# Colson Double Eagle Clipper Fresh Find



## American Vintage Bicycle Supply (Aug 23, 2013)

So I walked into the Nashville store at Antique Archeology today and there it sat. They said it was a local pick that just arrived into the store. I was shocked that the price was nowhere near the full blow retail. Luckily my buddy was working that day and gave me an even better deal. Looks like I picked the pickers.

The Paint is nice, everything is solid.
I rode it out the door.


----------



## RJWess (Aug 23, 2013)

Nice pickin. Beautiful bike.


----------



## bikewhorder (Aug 23, 2013)

Wow, did you get the back story on it?  I'm pretty jealous of that score.


----------



## American Vintage Bicycle Supply (Aug 23, 2013)

bikewhorder said:


> Wow, did you get the back story on it?  I'm pretty jealous of that score.




I'm going to see if I can get in touch with mike and get the history. They were closing at 6 and I showed up at 5 so it was a pretty quick deal.


----------



## Nickinator (Aug 23, 2013)

Nice clipper!  what does the head-badge say?  any idea what the paint color is?

Congrats!

Nick.


----------



## momona (Aug 23, 2013)

Coolest bike posted in a while!


----------



## American Vintage Bicycle Supply (Aug 24, 2013)

Nickinator said:


> Nice clipper!  what does the head-badge say?  any idea what the paint color is?
> 
> Congrats!
> 
> Nick.




Red black and white, possibly blue and white


----------



## dfa242 (Aug 24, 2013)

Wow, nice bike!  
I want that big tire behind it.


----------



## bon (Aug 24, 2013)

simply... WOW!!!


----------



## THEGOLDENGREEK (Aug 24, 2013)

Very nice score for sure . looks like it will clean up nice.

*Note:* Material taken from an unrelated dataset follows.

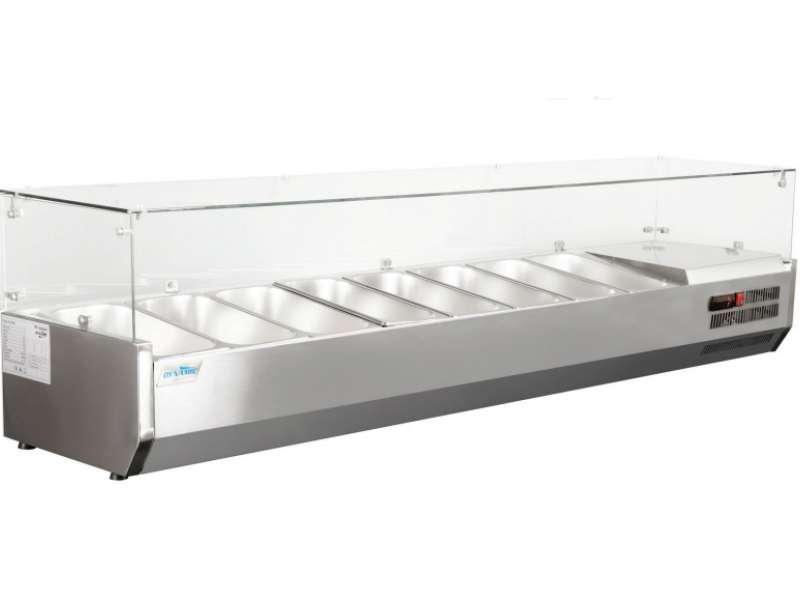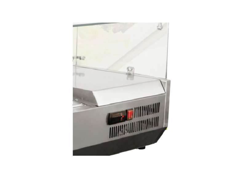 Ψυγείο σαλατών της εταιρείας Dynamic χωρητικότητας 8 GN 1/3 με ανοξείδωτη βάση, φωτισμό LED, ψηφιακό θερμοστάτη και σύστημα ψύξης με ανεμιστήρα.

The color appears to be blue and cream on the rear fender?


----------



## American Vintage Bicycle Supply (Aug 24, 2013)

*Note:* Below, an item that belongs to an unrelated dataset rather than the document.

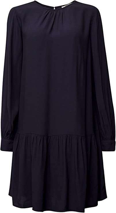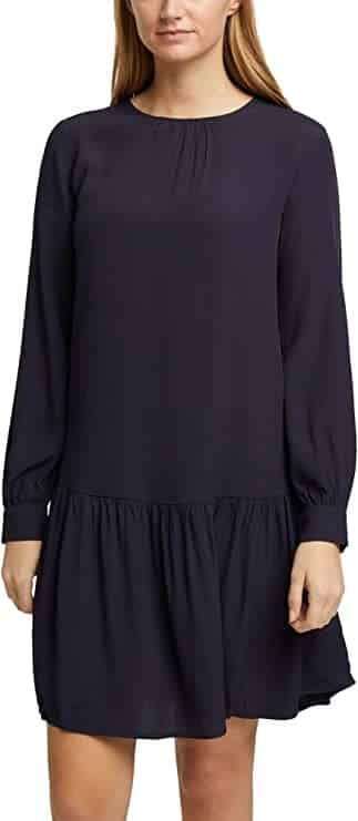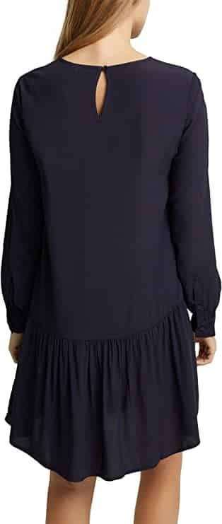 Das Kleid weist einen Rundhalsausschnitt auf, ist auf der Vorderseite drapiert und hat einen angesetzten Volant.

Here is a good shot of mine and Clint Brown's post war Clipper taken at the swap meet in Murfreesboro TN today.


----------



## charliechaindrive (Aug 24, 2013)

Sweet find dude!


----------



## Balloontyre (Aug 24, 2013)

It looks like a shark. Dig it


----------



## Gary Mc (Aug 24, 2013)

Beautiful bike & they look great sitting side by side!!!!!  Congrats on a great find.  Wish I could have got to Murfreesboro today to see them in person.


----------



## American Vintage Bicycle Supply (Aug 24, 2013)

Gary Mc said:


> Beautiful bike & they look great sitting side by side!!!!!  Congrats on a great find.  Wish I could have got to Murfreesboro today to see them in person.




Both mine and his should be at the Dallas GA show on October 5th.

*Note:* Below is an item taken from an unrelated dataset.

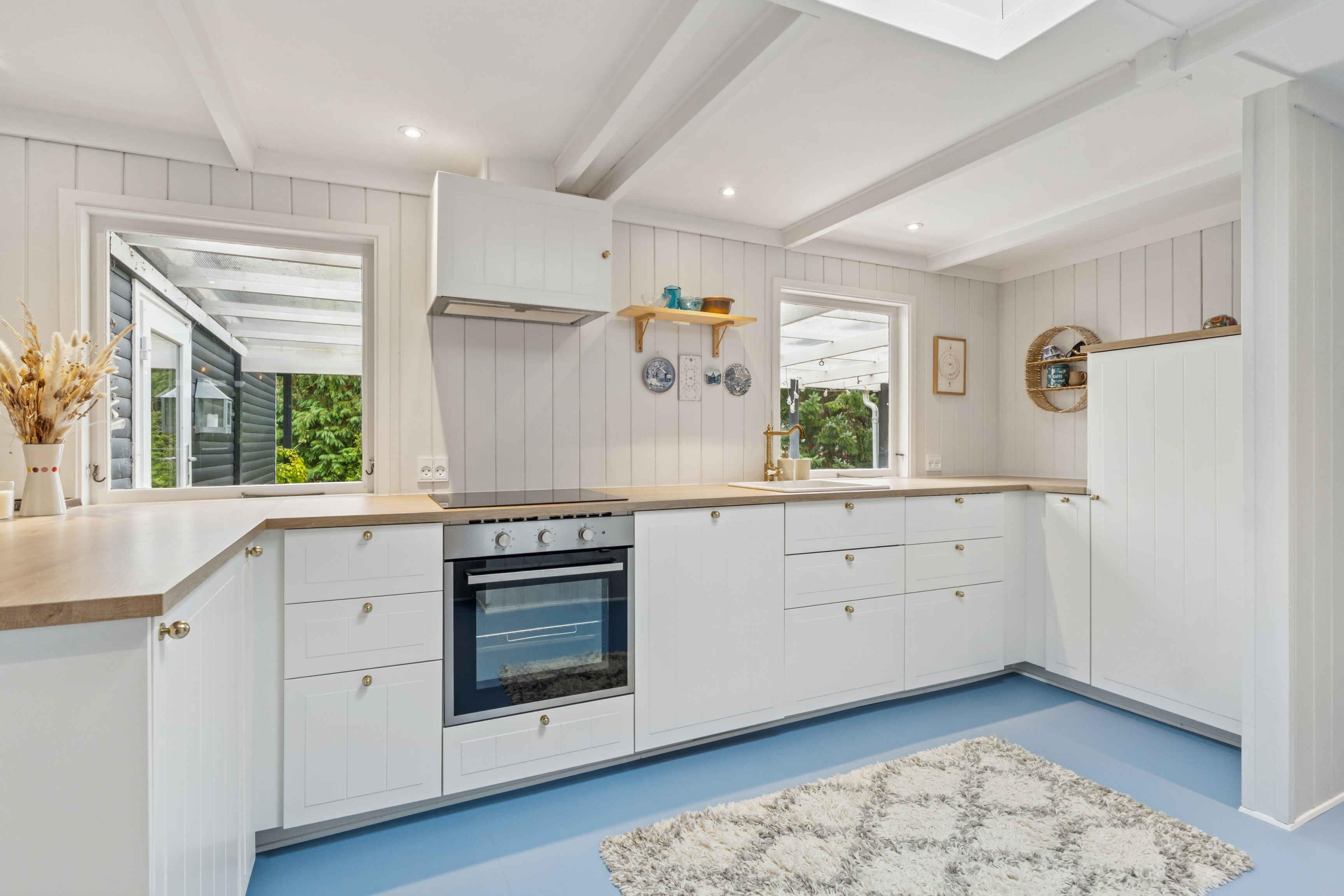 Moderne, nyrenoveret sommerhus på 114 m² med plads til 6 personer. 3 soveværelser, lys stue, stor have og træterrasse. Kun 100 m til vandet og tæt på naturskønne stier, cykelruter, kultur og familievenlige aktiviteter.

Thread in the events section.


----------



## babyjesus (Aug 25, 2013)

*Tire*

Firstly nice bike.  All you guys in the US r so lucky finding orig bikes all the time.

Secondly - is that a 15 foot whitewall tire it's leaning on?  Jeez..


----------



## Gary Mc (Aug 25, 2013)

Double Nickle said:


> Both mine and his should be at the Dallas GA show on October 5th.
> 
> Thread in the events section.




I'll be there October 5th!!!!!!!  See you then.


----------



## American Vintage Bicycle Supply (Aug 25, 2013)

Pictures from outside Antique Archeology


----------



## stoney (Aug 25, 2013)

NICE Picker pick.  Good to know there was a decent deal there.  Post pics when you get it cleaned up. Should look great.


----------



## American Vintage Bicycle Supply (Aug 26, 2013)

I removed the tanks. That frame was fire engine red and the tanks were black. 

Also 2 April of 1946 Batteries survived in the horn.


----------



## bricycle (Aug 28, 2013)

I see you spent my money well! good show!


----------



## American Vintage Bicycle Supply (Aug 28, 2013)

bricycle said:


> I see you spent my money well! good show!




I sure did, your money from the speedmore went directly to that. Btw the Wheel shipped today.


----------